Unbeknownst to Ms. Fouche, Mr. Beg prepared, signed, and filed amended Forms 941 for the periods ending June 30, 1997, and December 31, 1998. On the amended return for the period ending December 31, 1998, Mr. Beg claimed false advance EIC payments made to employees of $48,812. The IRS applied a refundable credit to petitioner's account in the amount of the false advance EIC payments, and this reduced its December 31, 1998, employment tax liability to $19,654. Petitioner's account transcript shows that shortly after Mr. Beg filed the amended return two payments totaling $11,635 were made, at least one of which the record shows was in the form of a check from Mr. Beg's Himalayan account. The IRS applied overpayment credits from petitioner's periods unrelated to those at issue to cover the remainder of the December 31, 1998, period's balance.

Mr. Beg filed the amended return for the period ending Dec. 31, 1998, before filing the amended return for the period ending June 30, 1997.

The IRS later received from petitioner the full amount of its Dec. 31, 1998, employment tax liability.

On the amended return for the period ending June 30, 1997, Mr. Beg claimed false advance EIC payments made to employees of $45,091. The false advance EIC payments reduced petitioner's balance due for the period from $54,374 to $9,283, and Mr. Beg paid the reduced balance by check from his Himalayan account.

The IRS later received from petitioner the full amount of its June 30, 1997, employment tax liability.

It is not clear whether or how Mr. Beg benefited from the filing of the amended returns or whether he filed the amended returns with the intention of covering up the fraudulent returns that he had previously filed for the periods ending March 31, June 30, and December 31, 1999.

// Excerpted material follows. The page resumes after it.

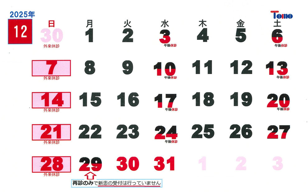 (黒字が外来診療日)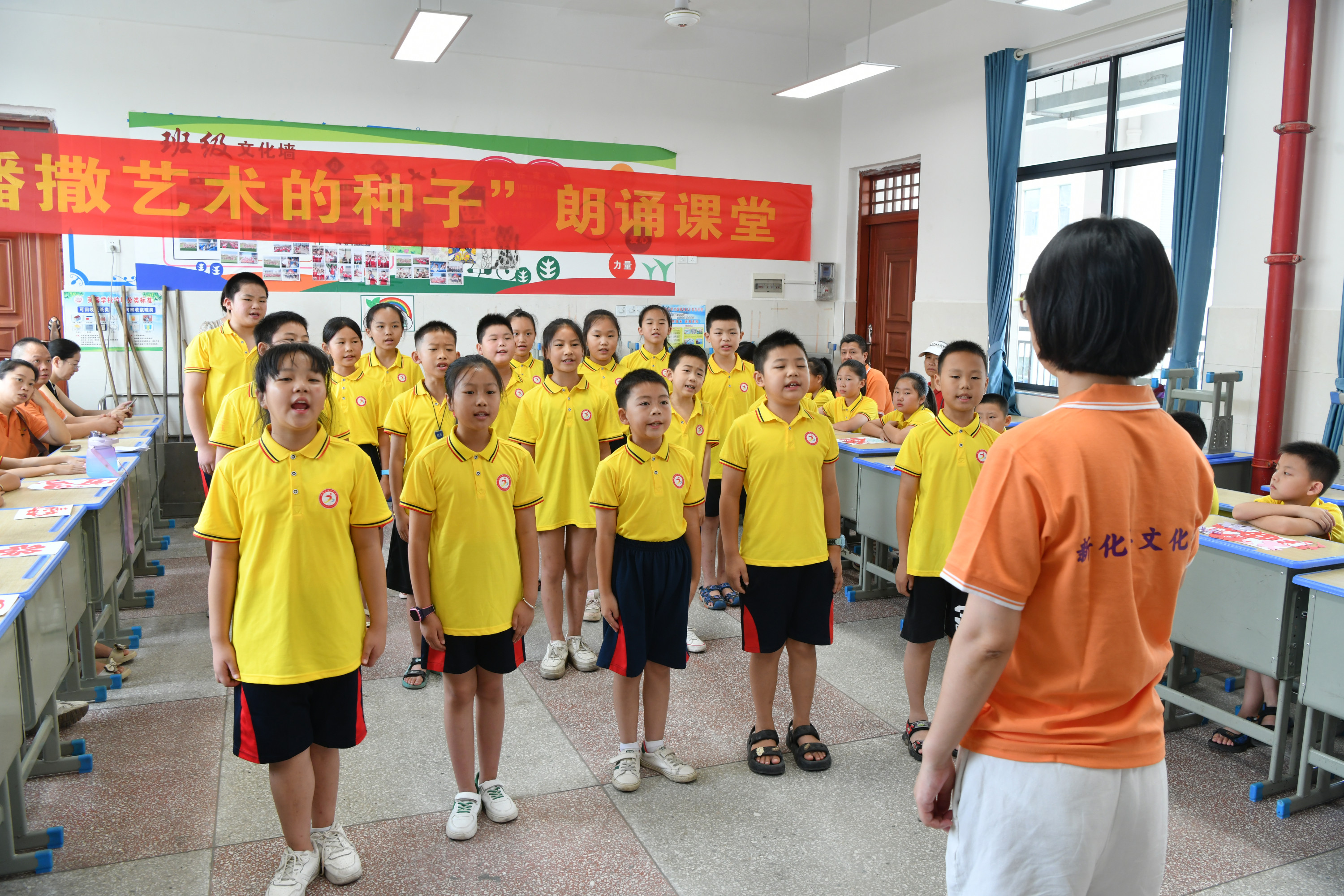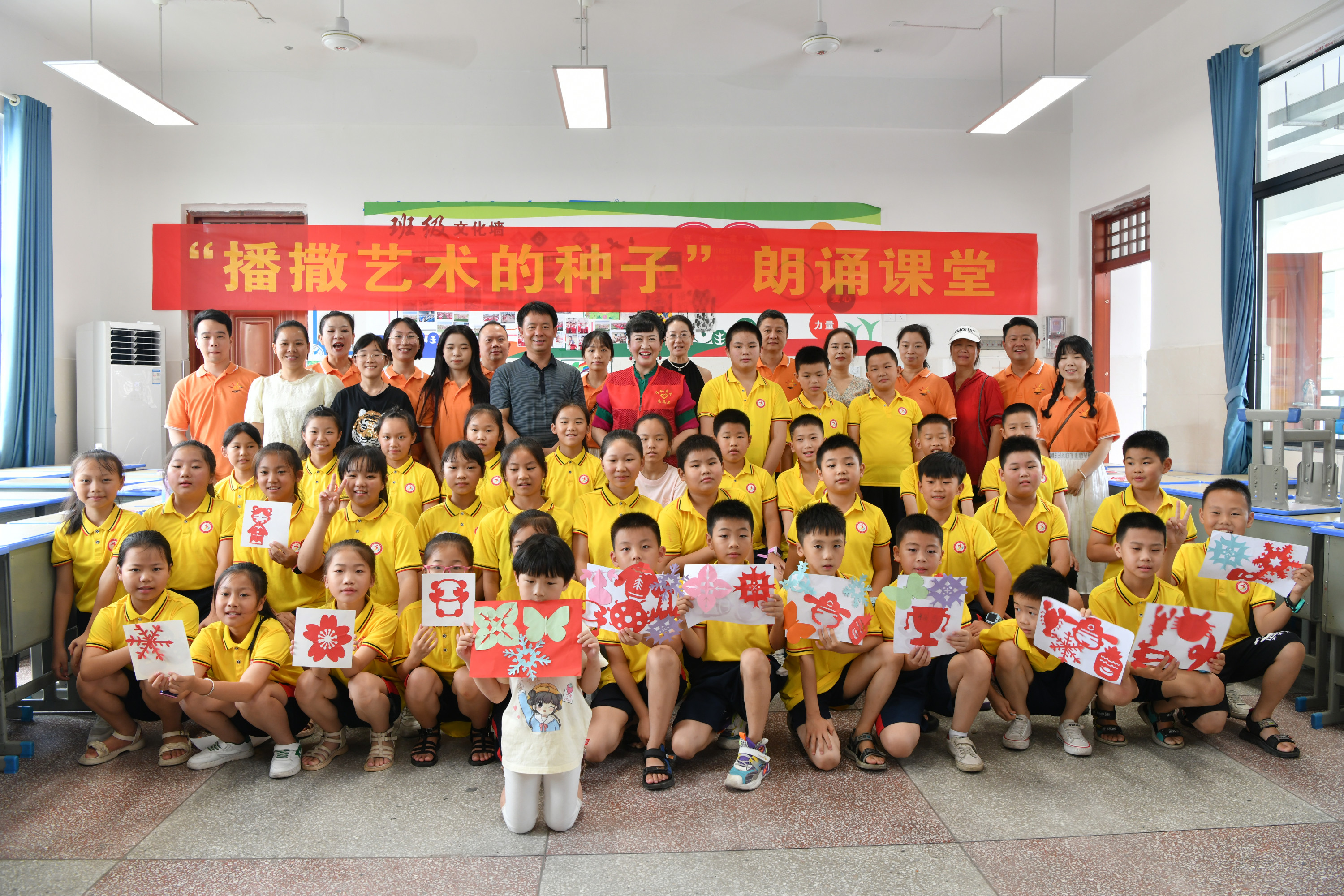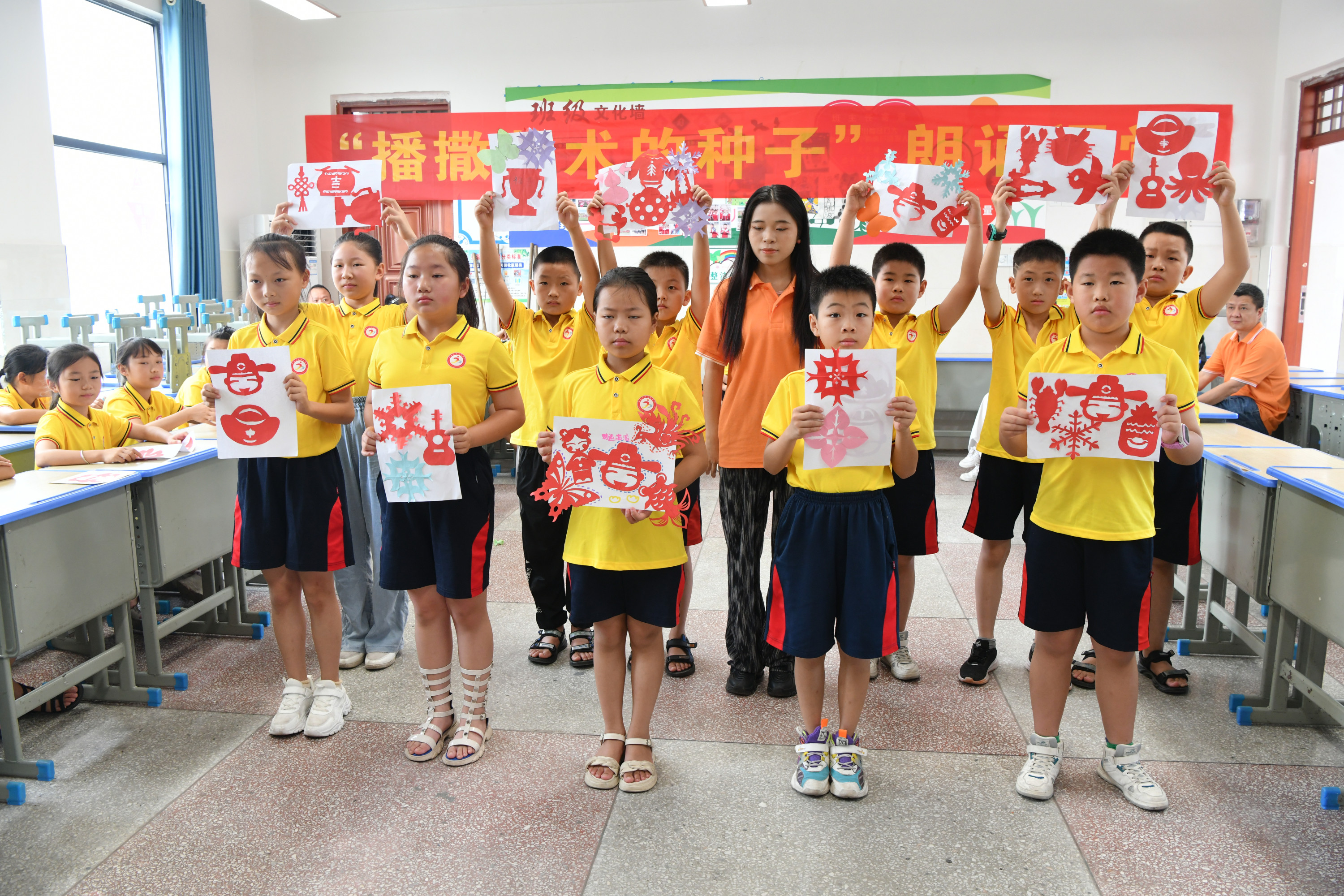 结业仪式上,43名孩子表演了诗朗诵《观沧海》和新化山歌《梅山童谣》。同时,孩子们还展示了自己的美术作品,特别是具有浓郁地方特色的剪纸作品让人眼前一亮。在课程开设上,采取综合教学的形式,既有新化山歌课,也有朗诵课,还有非遗项目——剪纸,让孩子们在学习中传承优秀民族文化。文化志愿者教师中,除了省市统筹安排老师外,还邀请了新化县优秀文化志愿者、新化山歌传承人陈福云老师授课,形式多样、丰富多彩。

Mr. Beg filed the amended return for the period ending Dec. 31, 1998, after he had filed the fraudulent return for the period ending Mar. 31, 1999, and he filed the amended return for the period ending June 30, 1997, after he had filed the fraudulent returns for the periods ending June 30 and Dec. 31, 1999.

Mr. Beg's Criminal Case

On June 10, 2002, the United States filed a complaint against Mr. Beg alleging, among other crimes, that he: (1) Knowingly and intentionally made, uttered, and possessed forged securities of petitioner and the other bus companies in violation of 18 U.S.C. sec. 513(a); (2) knowingly deposited into his Himalayan account approximately $349,865 derived from the making and possessing of forged securities of petitioner and the other bus companies in violation of 18 U.S.C. sec. 1957(a) and (b)(1) (money laundering); (3) signed false tax returns in violation of section 7206(1); and (4) prepared and presented false tax returns in violation of section 7206(2). In the complaint the United States, by sworn statement of a special agent of respondent's Criminal Investigation Division, alleged that Mr. Beg: (1) Knowingly and willfully prepared and subscribed to false Forms 941 in petitioner's name; (2) fraudulently claimed that petitioner's employees had received advance EIC payments; (3) forged checks drawn on petitioner's account; and (4) received from Ms. Fouche checks made payable to the IRS, which he later altered to appear as if they were made payable to Himalayan Hanoi Craft. Ms. Fouche had no knowledge of Mr. Beg's criminal activity before his arrest.

The violation of sec. 7206(2) relates to Mr. Beg's fraudulent preparation of Forms 1040, U.S. Individual Income Tax Return, for taxpayers unrelated to petitioner.

On October 8, 2002, Mr. Beg pleaded guilty to charges of money laundering, knowingly and willfully signing false tax returns, and knowingly and willfully preparing and presenting false tax returns. In 2006 he passed away before being sentenced for his crimes.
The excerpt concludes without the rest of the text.